## Task requirements
In the records below, find the line holding "- Then, in the"; copy it and every line after it to the end, omitting all images.
┌────────
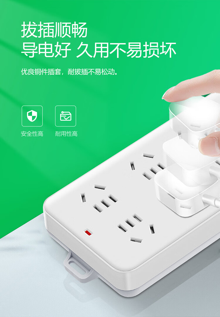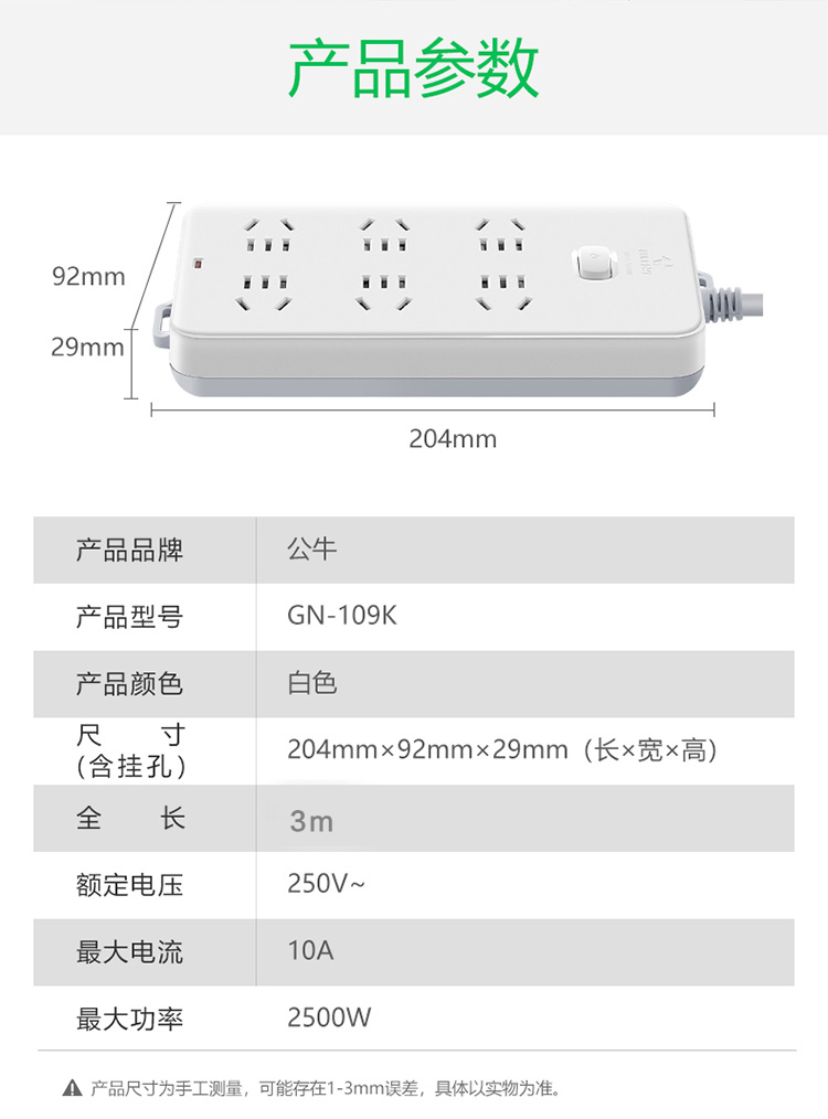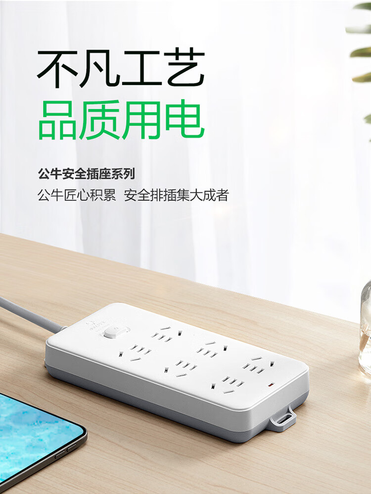 公牛(BULL)GN-109K 新国标插座/插线板/插排/排插/接线板/拖线板 6位总控全长3米 自营
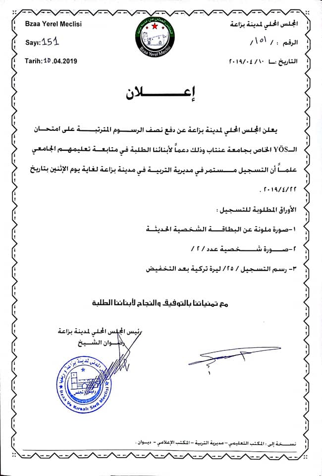 إعلان من المجلس المحلي لمدينة بزاعة بتسديده نصف رسوم امتحان يوس جامعة غازي عنتاب
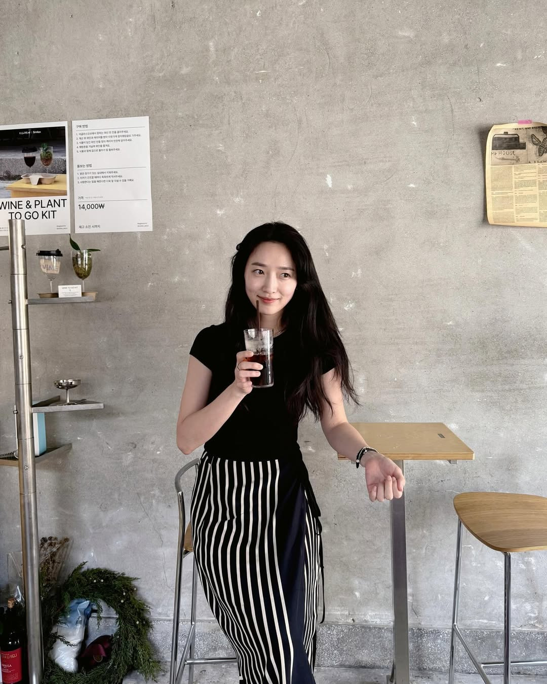 기본 블랙 반팔티에 과감한 흑백 스트라이프 랩스커트를 매치해 시선을 아래로 끌어주는 룩.
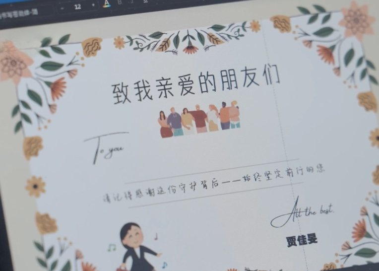 慢慢地,她養(yǎng)成了在交付新簽方案時,附上一封信的習(xí)慣。寫給孩子,替父母表達(dá)對他未來成長最深沉的愛與期許;寫給老人,感念他們?yōu)樽优饻嘏蹫?,如今愿以這份保障為盾,護(hù)他們晚年無疾憂、日常皆安;也寫給家庭的“頂梁柱”們,欽佩他們在城市打拼的堅(jiān)韌,也愿這份保障成為他們前行的底氣。在賈佳旻看來,每一份保障方案都承載著深沉的愛意和對未來的期許,每一張保單都帶著守護(hù)的溫度。
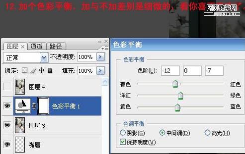 12、創(chuàng)建色相平衡調(diào)整圖層,參數(shù)及效果如下圖。
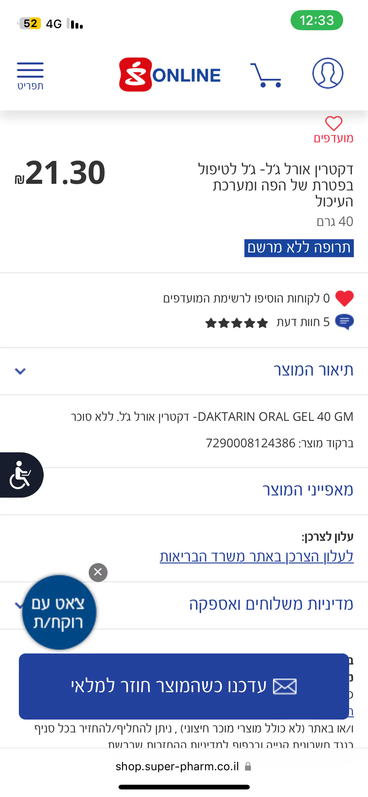 מישהי יודעת אם יש במלאי דקטרין אורל ג'ל ?אלה 12
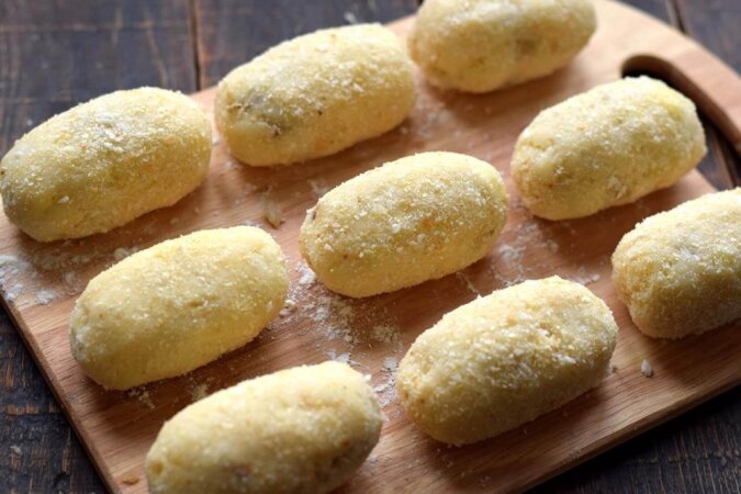 8. Przykryj nadzienie ciastem ziemniaczanym, formując podłużne klopsiki. Zanurz je w bułce tartej, obtocz ze wszystkich stron.
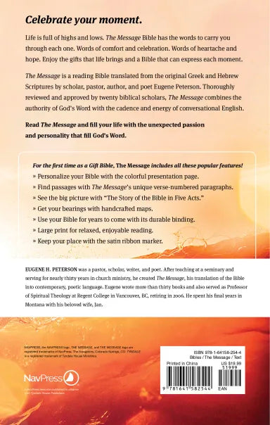 Celebrate your moment. Life is full of highs and lows. The Message Bible has the words to carry you through each one. Words of comfort and celebration. Words of heartache and hope. Enjoy the gifts that life brings and a Bible that can express each moment.
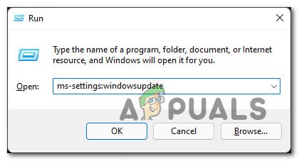 - Then, in the text box, type ‘ms-settings:windowsupdate’ and click Enter to access the Windows Update tab of the Settings app.
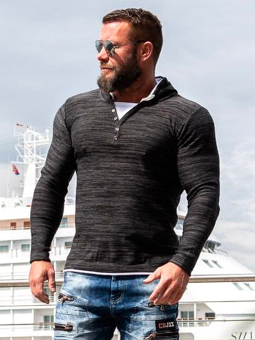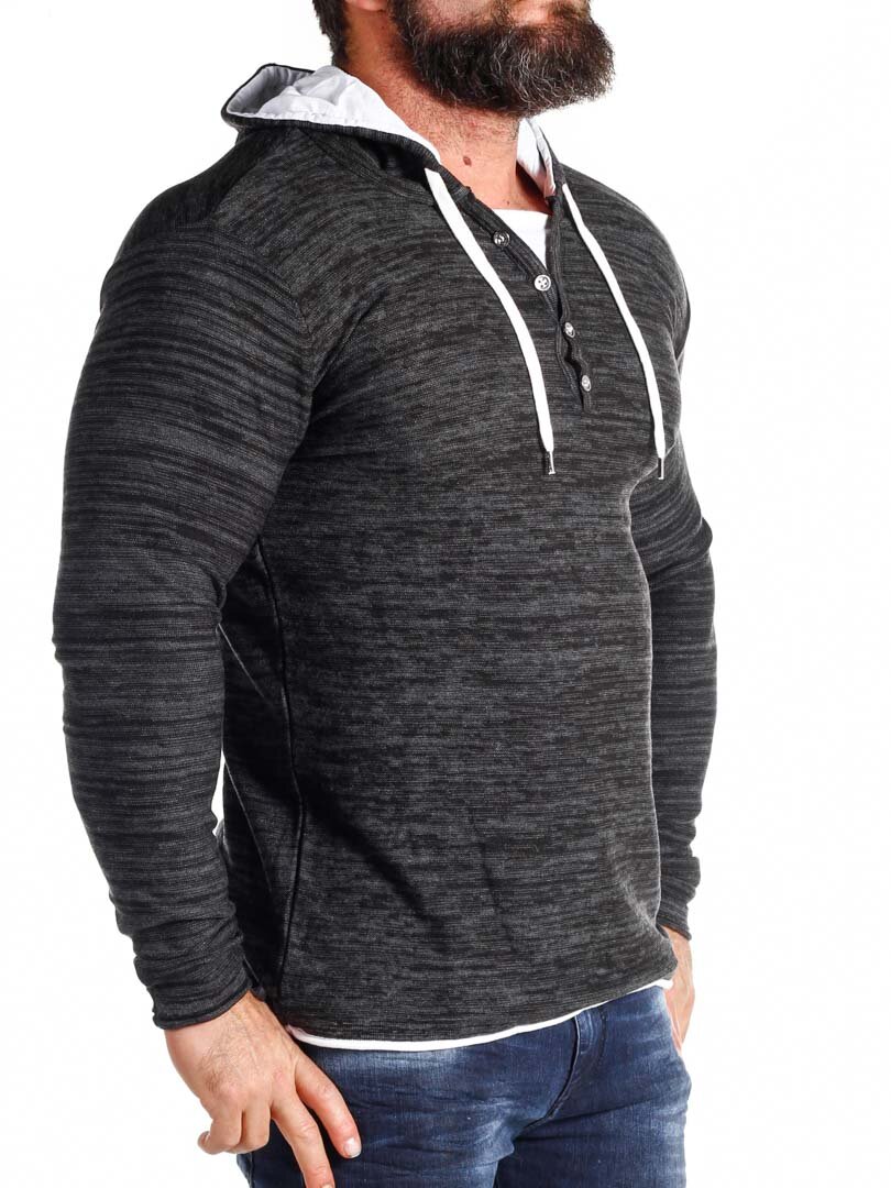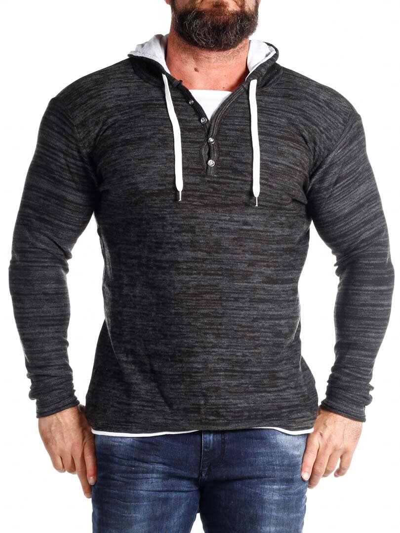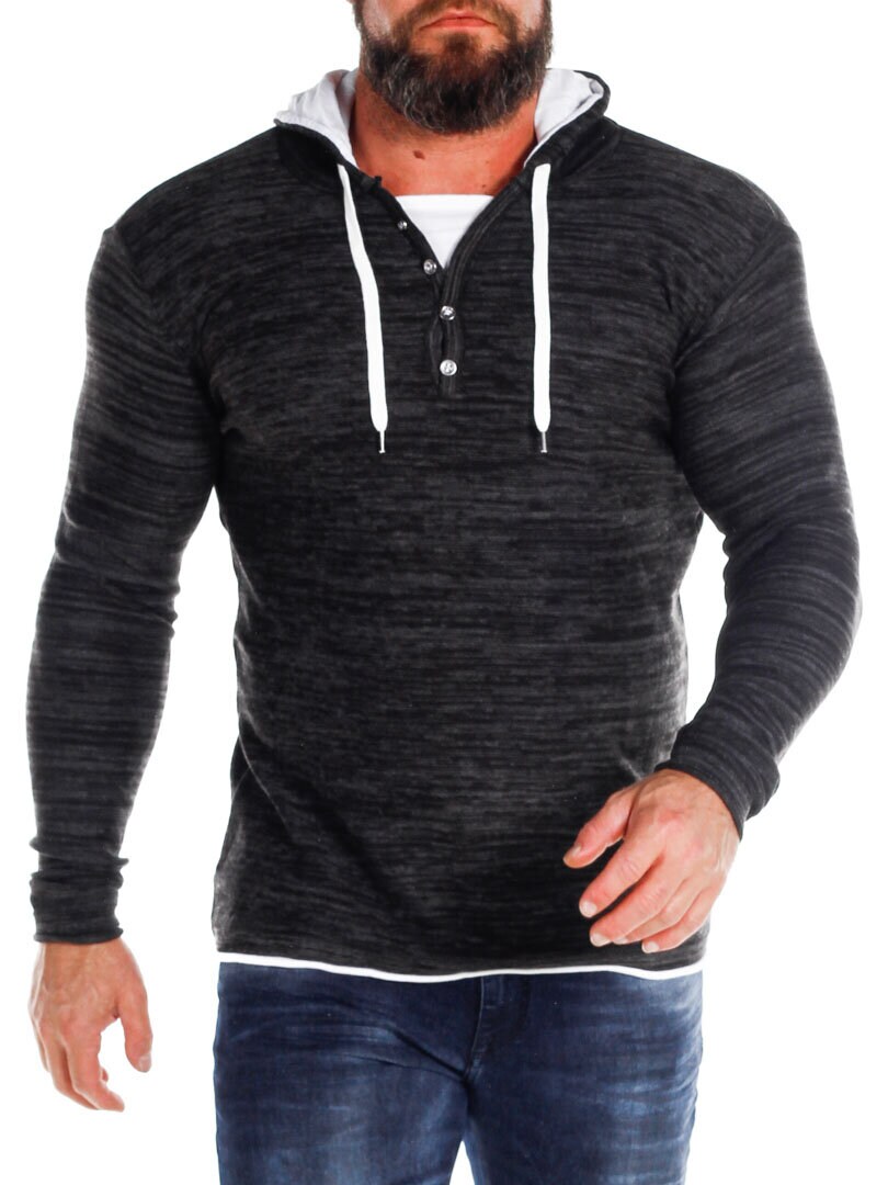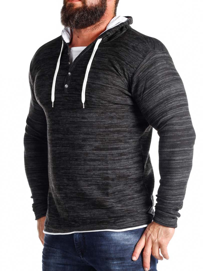 Czarno-szara bluza z białymi detalami. Posiada guziki przy dekolcie oraz sznurek w kapturze. Wykonana z cienkiego i przyjemnego materiału.
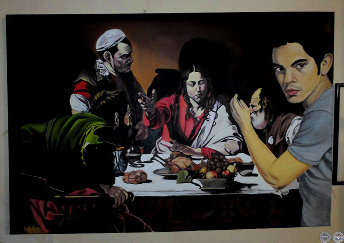 ESTUDIANDO A CARAVAGGIO, 2015 - Óleo de NICOLÁS MONGELOS MARTÍNEZ
└────────
## Answer space
 - Then, in the text box, type ‘ms-settings:windowsupdate’ and click Enter to access the Windows Update tab of the Settings app.
 Czarno-szara bluza z białymi detalami. Posiada guziki przy dekolcie oraz sznurek w kapturze. Wykonana z cienkiego i przyjemnego materiału.
 ESTUDIANDO A CARAVAGGIO, 2015 - Óleo de NICOLÁS MONGELOS MARTÍNEZ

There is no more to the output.